6- Qu’est ce qui fait la réputation d’un établissement hôtelier ? Ce n’est pas les murs, ni la décoration ou les équipements. D’ailleurs, le feedback des clients nous enseignent énormément à ce niveau.
C’est le bon accueil, les prestations de qualité à tous les niveaux de l’établissement. On a nommé un chef ayant une formation solide au poste de directeur culinaire, qui a pour mission de former, de créer et de superviser tout ce qui se passe dans le service Restauration. D’ailleurs, on est sur un projet de standardisation de la restauration au niveau de toute la chaine.
7- Quels sont vos objectifs à long terme ?
C’est faire de la chaine Atlantis une référence à l’international où l’on proposera des contrats de management, des franchises pour les autres établissements hôteliers.

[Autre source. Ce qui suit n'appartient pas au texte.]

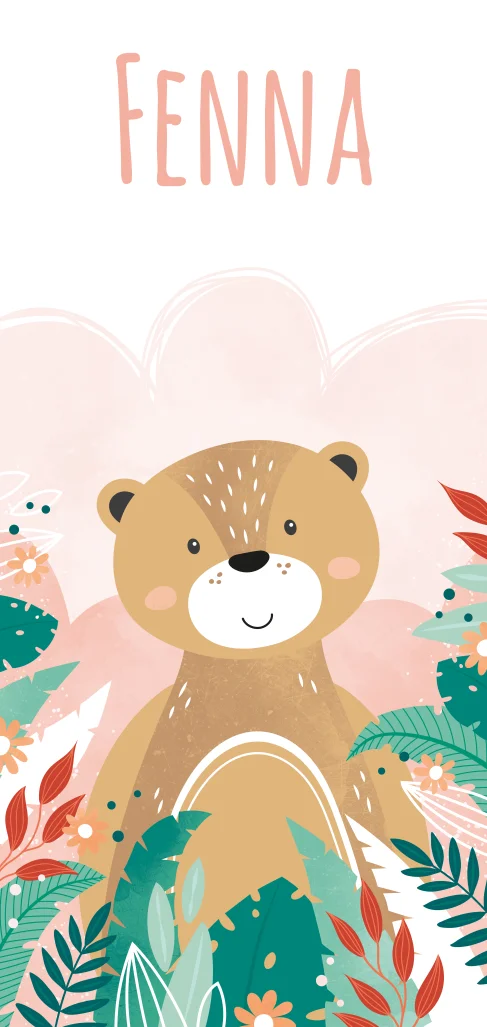 Langwerpig geboortekaartje voor een meisje in roze kleur. In jungle thema met jungle bladeren en op de voorkant een beertje. De achtergrond van het kaartje heeft een waterverf structuur. (8709). Dit geboortekaartje heeft standaard ronde hoeken (meerprijs € 0,25). Wil je rechte hoeken? Neem contact met ons op.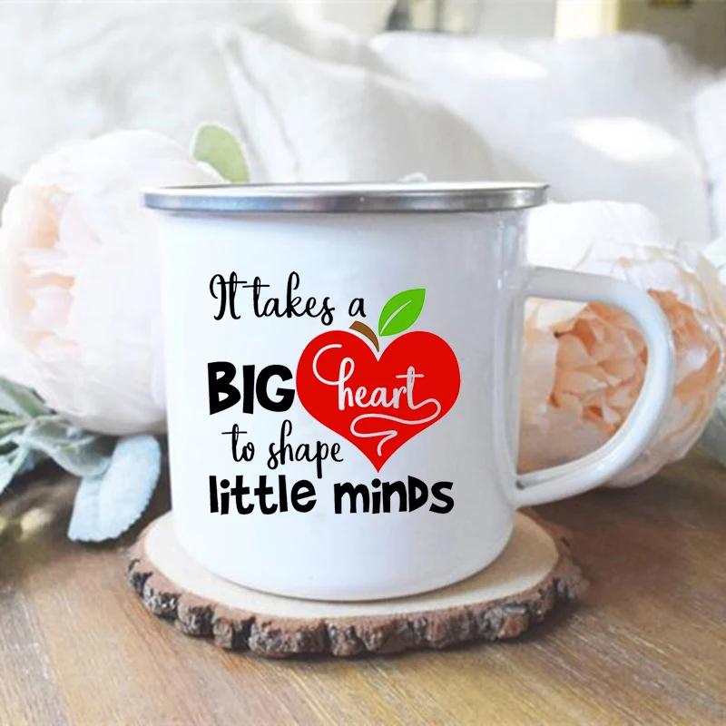 Es braucht ein großes Herz, um kleine Geister zu formen Lehrer Emaille Tasse Kreativer Lehrer Schule Wasserbecher Kaffeetassen Lehrertagsgeschenke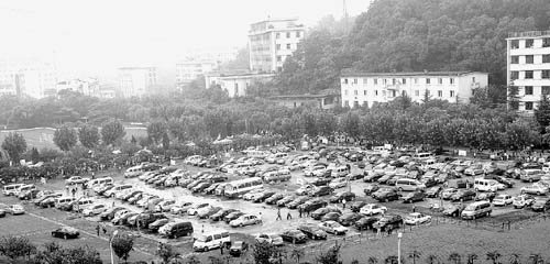 家長(zhǎng)開車送孩子報(bào)到 操場(chǎng)停滿轎車如同車展(圖)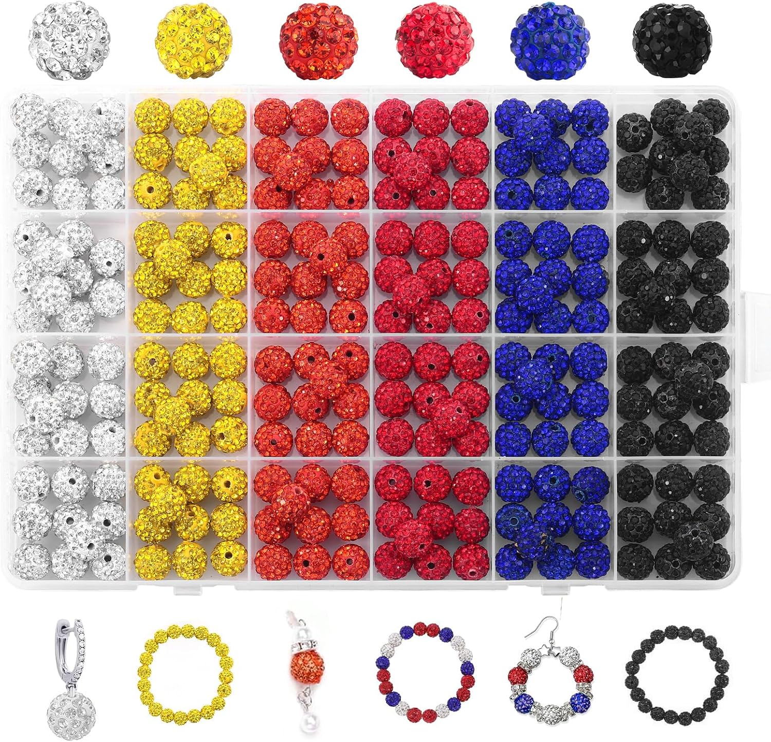 - PACKAGE INCLUDE: 240 rhinestone beads, about 10mm in diameter and 1.8mm in aperture, evenly distributed in a 24-grid plastic storage box. The overall color of the set is yellow series, with three basic colors of red, black, and white, and three gradient warm colors of red, orange, and champion yellow. 40 beads of each color can meet the needs for Crafting.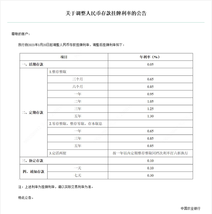 5月20日,农业银行(601288.SH)下调人民币存款利率,其中活期利率下调5个基点至0.05%;定期整存整取三个月期、半年期、一年期、二年期均下调15个基点,分别为0.65%、0.85%、0.95%、1.05%;三年期和五年期均下调25个基点,分别至1.25%和1.3%。定期零存整取、整存零取、存本取息三种期限均下调15个基点。7天期通知存款利率下调15个基点至0.3%。

Pourquoi pas une chaine hôtelière algérienne qui officiera à l’international ? Avec les compétences de nos jeunes, on arrivera avec du travail et de la patience. J’y crois, fermement.
On a déjà reçu des propositions de partenariat qu’on a décliné. On doit d’abord maitriser nos établissements et boucler la parenthèse des investissements, puis on verra. Dans notre programme d’investissement figure, à long termes, une grande école de formation pour le lancement de la franchise et du management, ainsi qu’une agence de voyage. En termes de partenariat, avec une grande école de formation étrangère, ça peut être intéressant. Il y a une forte demande dans ce sens.
8- Un mot pour boucler l’entretien ?
Je reconnais que je suis chanceux d’avoir un investisseur attentif et constamment à l’écoute. En fin observateur, avec sa longue et riche expérience dans la gestion, il nous aide même par son image. Au fait, avec quelqu'un qui vous limite constamment, vous n’irez pas loin. L’idée du restaurant populaire haut de gamme, c’est sa vision (Hadj Hamitouche): «Vous faites un restaurant gastronomique pour les clients de l’hôtel, mais je veux aussi que les citoyens en profitent», a-t-il indiqué. On fait du volume; d’ailleurs, on a commencé avec 200 couverts. A quelques jours de l’inauguration, on est à 300, sans avoir fait aucun marketing.